Projects are the highest level of organization for data in Aquarium. Projects allow you to organize your data and collaborate in one central location. Each project may contain one or more datasets.
Every project in Aquarium has:
  • A globally unique name
  • A single task type (e.g. 2D object detection, semantic segmentation, etc.)
  • A single ontology
Learn more about creating projects using the Aquarium Python SDK.

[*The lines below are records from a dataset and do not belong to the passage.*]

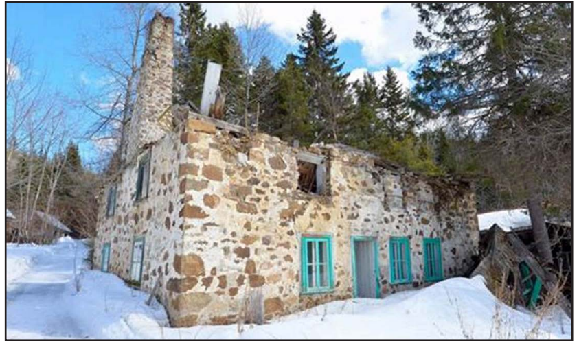
Moulin César de Baie-Saint-Paul dans un piteux état

Je faisais le constat cette année que, pour la région de Charlevoix, sur une dizaine de bâtiments classés à titre de monuments historiques par nos gouvernements, trois étaient dans un état jugé inquiétant : le moulin César de Baie-Saint-Paul, la Maison Leclerc à l'île aux Coudres, la maison René-Richard aussi à Baie-Saint-Paul. Notons que deux de ces bâtiments sont situés à Baie-Saint-Paul, une municipalité que les supposés spécialistes en patrimoine considèrent comme soucieuse de son passé.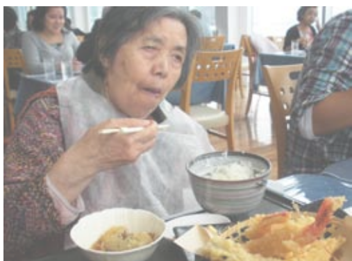
船上のレストランでは、大きな海老のてんぷらに驚き顔で満足されていました

当苑より「長寿のエアール」として、一つご紹介します。あるご利用者が、「海が見たい」の一言…「海」に何かあるのではと考え、去る10月17日(日)に、千葉県・富津金谷に行き、「海の幸」を食べ、潮の香りと共に、「日帰り旅行」を楽しみました。何気ない一言から始まり、ご利用者の生き生きした表情を見てみると…「長寿の秘訣」は、希望を現実することではと、思えてなりません。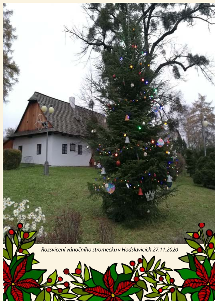
Rozsvícení vánočního stromečku v Hodslavicích 27.11.2020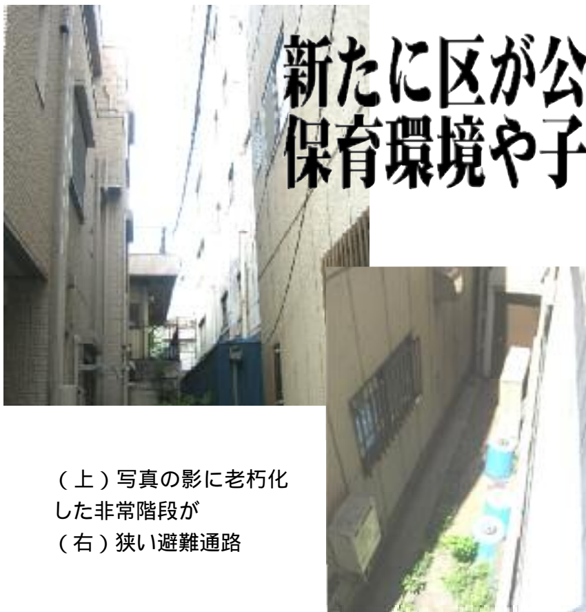
(上) 写真の影に老朽化した非常階段が (右) 狭い避難通路

規制緩和で安全性と保育内容も基準を緩め、民間任せにする流れを変えて、区が責任をもつべき時ではないでしょうか。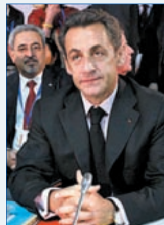
Nicolás Sarkozy en la Cumbre

Nicolás Sarkozy, pese a llegar hora y media tarde a la cita, fue uno de los rostros más buscados de una Cumbre que quedó ensombrecida por la ausencia de hasta 26 mandatarios. Faltaron la canciller alemana Angela Merkel, quien abandonó Madrid el lunes tras la cena de gala, también Silvio Berlusconi y el nuevo premier británico David Cameron. No acudieron tampoco ni Hugo Chávez, ni Raúl Castro, ni el dirigente nicaragüense Daniel Ortega.

An ontology (also referred to as a taxonomy or label class map) enumerates entities and their relationships for a given machine learning task. Ontologies in Aquarium must explicitly define every label and every inference within a given project.
Ontologies in Aquarium allow you to define display names, colors, relationships between training and inference classes, and many other metadata fields. These definitions are used throughout the platform to display data, calculate metrics, and otherwise support Aquarium's various workflows.
Note that ontologies are assigned at the project level and apply to all datasets within a given project.
2D Object Detection Ontology Example for the RarePlanes Dataset
Learn more about defining an ontology and assigning it to a project using the Aquarium Python SDK.

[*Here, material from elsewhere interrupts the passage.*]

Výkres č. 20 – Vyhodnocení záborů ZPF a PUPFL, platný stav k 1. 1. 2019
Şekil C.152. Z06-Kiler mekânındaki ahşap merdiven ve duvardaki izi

Datasets are the core organizational construct within Aquarium. In the most basic sense, a dataset is a grouping of imagery, metadata and annotations.
Aquarium supports two primary types of datasets, each of which has distinct capabilities.

Labeled Datasets

  • Labeled datasets are the most common type of datasets in Aquarium and are made up of imagery, metadata and ground truth annotations. Examples of labeled datasets may include your training, validation and test sets.
  • Labeled datasets allow you to assess data quality, evaluate model performance, run data curation workflows, and set up production-ready ML processes.

Unlabeled Datasets

  • Unlabeled datasets are a more specialized dataset type and are made up of imagery and proposed regions of interest (usually inferences generated by a model).
  • Unlabeled datasets are used as a part of data curation and sampling workflows in Aquarium. They serve as the search space for rare or interesting scenarios found within your labeled datasets.
  • Unlabeled datasets are typically much larger than labeled datasets.
Datasets in Aquarium are intended to be modified over time (for example as new data is acquired and added to the training or test sets). All of these modifications are tracked in Aquarium, enabling you to view and interact with the various states of your dataset over time.
Learn more about creating labeled and unlabeled datasets using the Aquarium Python SDK.

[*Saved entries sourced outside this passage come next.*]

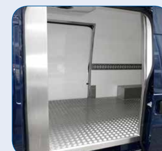
Schiebetür links bei jedem Fahrzeug möglich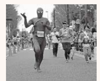
▲同日には「中野ランニングフェスタ」も開催

20日 「マチマチfor自治体」に関する協定を締結。地域限定版SNS「マチマチ」で身近な地域情報を発信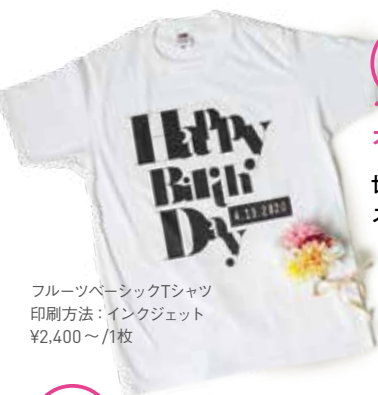
フルーツベアシックTシャツ 印刷方法：インクジェット ¥2,400～/1枚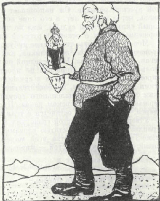
Tolstoj och tsaren.

(Från den schweiziska skämttidningen «Nebelspalter».)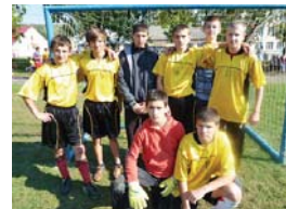
Футболісти Нижніх Воріт – чемпіони спартакіади

Майже чверть століття з року в рік у Закарпатті проводиться спартакіада шкіл-інтернатів. Цьогоріч за доброю традицією захід відбувся на спортивній базі Перечинської школи-інтернату, а її організаторами виступили управління освіти і науки та у справах молоді та спорту облдержадміністрації, а також обласна рада ФСТ «Україна».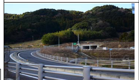
【西九州自動車道】長崎松浦方面に向かう自動車道です。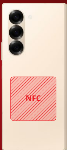
Samsung Galaxy Fold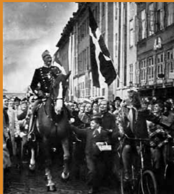
König Christian von Dänemark reitet in schweigendem Protest gegen die deutsche Besatzung durch Kopenhagen (1940)

wurde 1941 von der Wehrmacht besetzt und musste 8 Torpedoboote an die deutsche Reichsmarine abliefern. Vor der Auslieferung wurden aber Geschütze, Torpedowerfer und Navigationsgeräte ausgebaut und versteckt. Die Schiffe waren für die Reichsmarine unbrauchbar. (5) Die dänische Regierung lehnte jede antijüdische Gesetzgebung ab. 1943 wurde die Evakuierung der dänischen Juden nach Schweden organisiert. (6)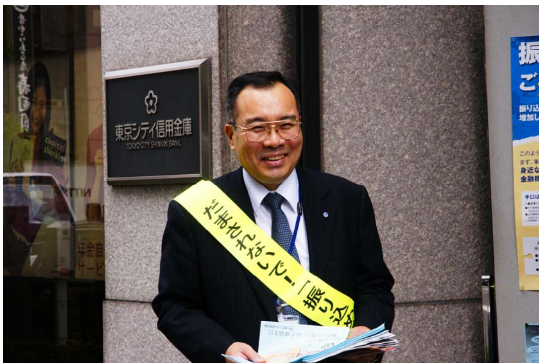
(お客様に振り込め詐欺の注意喚起チラシを配布する得意先係担当者)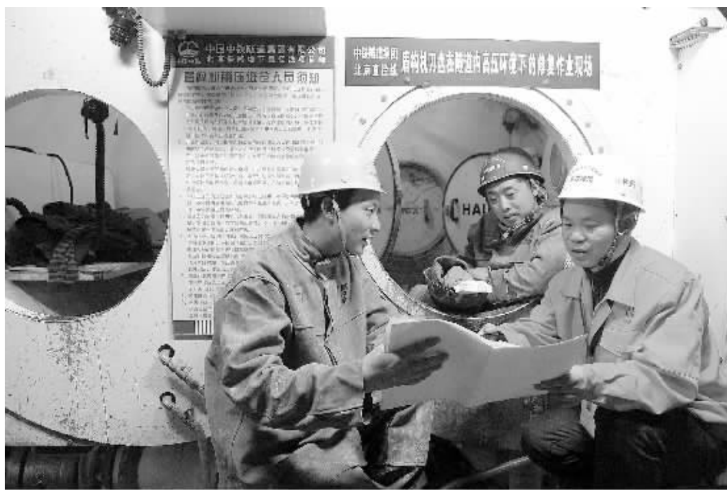
中铁隧道集团联合海军工程大学等院校专家自主研发的盾构机刀盘修复技术近日在北京铁路地下直径线工程首次成功应用。图为中铁隧道工程技术人员(右)在修复作业现场进行技术部署。

法院递交无锡尚德破产重整申请。经法院审查,鉴于无锡尚德无法归还到期债务且对债权银行提出的破产重整无异议,依据《破产法》相关规定,于3月20日正式裁定对无锡尚德实施破产重整。

A frame is the atomic unit of data within a dataset.
  • In the base case a frame is made up of an electro-optical image (as a .PNG, .JPEG or any other common format) and its structured metadata (as JSON).
  • In more advanced cases a frame may be made up of multiple images (a primary image and context imagery or data from other sensor types) and its structured metadata (as JSON or other formats). The more complex structure is common for autonomous driving tasks with LIDAR, Radar or other sensor types and in robotics tasks.
  • Labels (and associated metadata) and inferences (and associated metadata) are associated with frames.
Frames in Aquarium are intended to be modified over time (for example as labeling providers return new labels, or as new metadata becomes available). All of these edits are tracked in Aquarium, enabling you to view and interact with the various states of your dataset over time.